I’ve been lucky and have had really good relationships with actors generally, but obviously when you’ve worked with somebody three times, and you see him socially, and he’s a sort of quasi-godfather to my kid, that’s helpful. That’s really nice. We’re going to do another one too, by the way. We’re already talking about what the fourth one’s gonna be.

What will your fourth movie with Anthony Mackie be? Will it be similar to this?

It will be completely different, and we have ideas, but I can’t talk about them…!

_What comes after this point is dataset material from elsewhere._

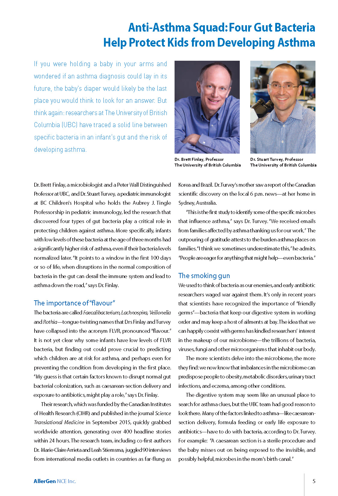 gut bacteria, microbiome, asthma, FLVR, germs, hygiene hypothesis | Brett Finlay, Stuart Turvey, Marie-Claire Arrieta, Leah Stiemsma |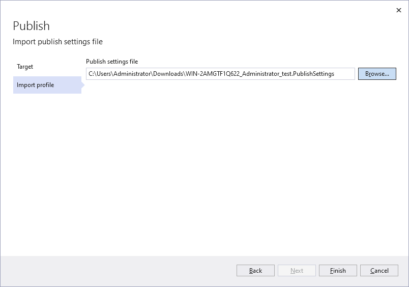 Visual Studio에서 project의 배포를 설정해야 하는데 이때 'Import Profile'로 선택하여 진행합니다.

You’ve worked on a few genre movies. What is it about genre that appeals to you as a filmmaker?

I think the idea that you can show something that is real-world to itself, but is not our world allows you to get at the deepest underlying issues in society.

For me, when I read this script, more than anything, I liked the idea of being able to do a Garden of Eden metaphor. What would the world be like if humans were just a tiny part of it? There would be animals running wild, clean air and so forth and then when the monsters come… what do they represent? To me, this is what rationality creates. Whether it’s nuclear weapons or artificial intelligence or economic activity that causes climate change, we create our own destruction, and then we need to use that rationality to undo that destruction. That to me, is really profound. It’s one of the main things that human beings have to sort through.

If you pick up a newspaper or you watch a news broadcast, all the issues you’re seeing are tied to the idea of human beings using their rationality to achieve things, and then the conflict that comes from that, or the destruction that ultimately comes from that. So you’re, you’re talking about the most important stuff that’s going on in the world, and yet you’re talking about it in a context that’s completely removed. That’s what science fiction allows you to do.

Elevation will be released on Prime Video on 8 Feb.